The moon isn't technically a moon, as it is not orbiting a planet. I'm not even sure if it's orbiting a sun, or is a 'rogue dwarf planet'. Disregard its origins for now. I will call it a 'moon' for simplicity's sake.

Consider the moon to be Mimas, divided by 95. So it has a mass of approximately $3.95 \cdot 10^{17}$ kg (Assuming I did the math right). The moon is primarily icy, just like Mimas. I don't have the faintest idea how fast the moon needs to be moving to shatter when it hits the barrier, so I will leave that up to you. I want it to shatter, not just bounce off. Remember I'm trying to get a ring. For all purposes, assume the moon is the exact composition of Mimas, just 95 times smaller.
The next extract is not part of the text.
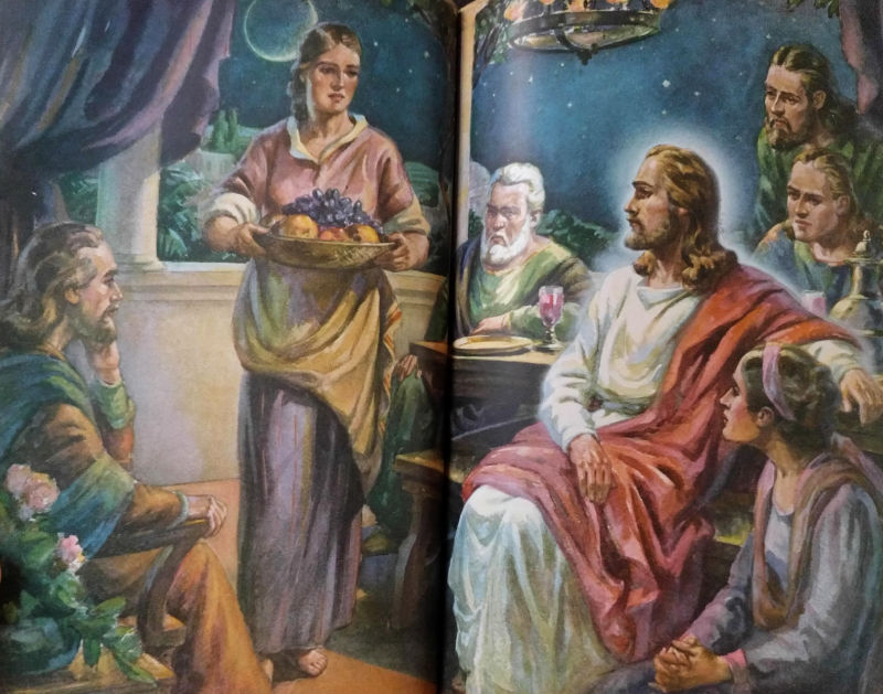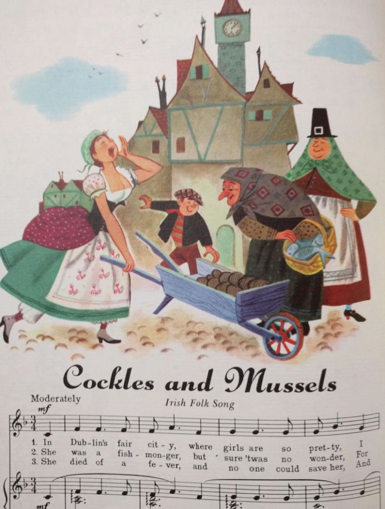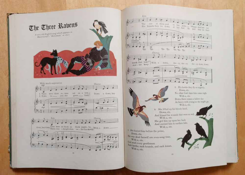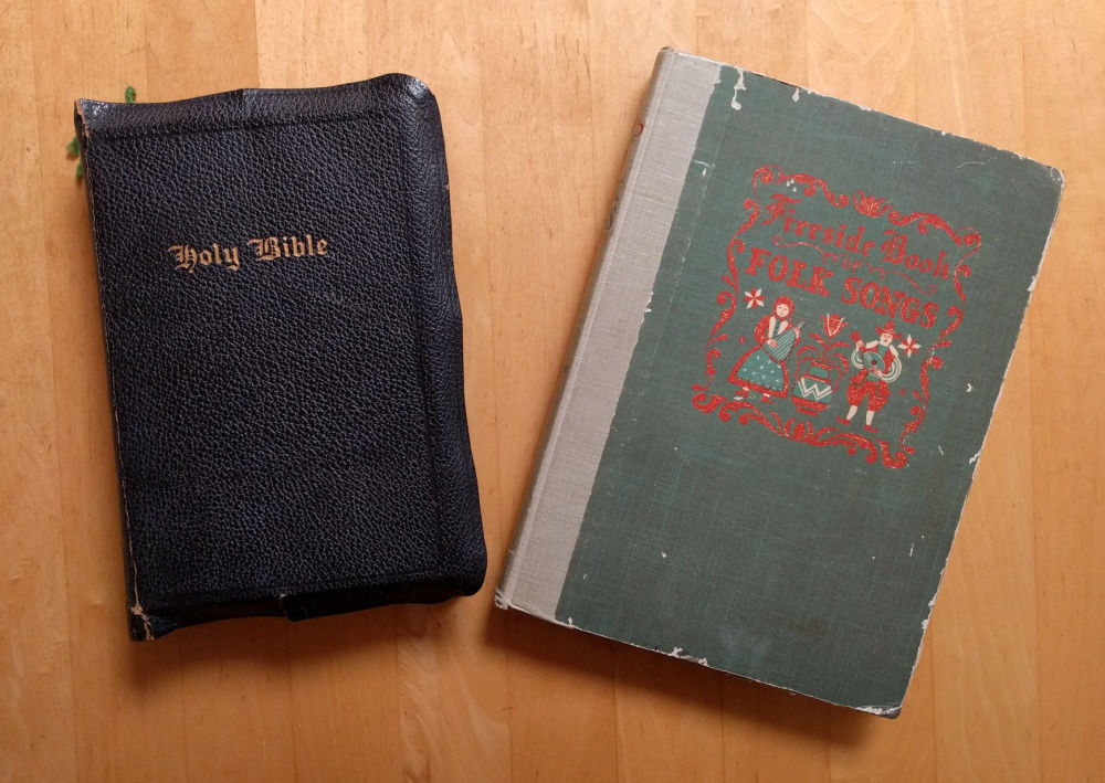 There were a ton of books scattered throughout the house and I should have spent more time with them, but I did like this 1943 Bible with great illustrations and the Fireside Book of Folk Songs which charmed me with its pictures and zany songs. The covers are a bit rough, but the insides are good.

The barrier would be some sort of energy barrier, though it's exact composition is unknown at this time. It is surrounding the entire planet and is unmovable. For all purposes, just assume that the moon has run into a material barrier which is unmovable, and indestructible. The moon hits this barrier head-on, at a perfect ninety-degree angle. The barrier will not give at all, so all force is transferred back to the moon.

Given these details, and assuming the speed of the moon is sufficient to shatter it, as opposed to just ricocheting back into space, what would happen to the moon? Please let me know if you need additional details.

Disregard for now the chances of such an event actually occurring.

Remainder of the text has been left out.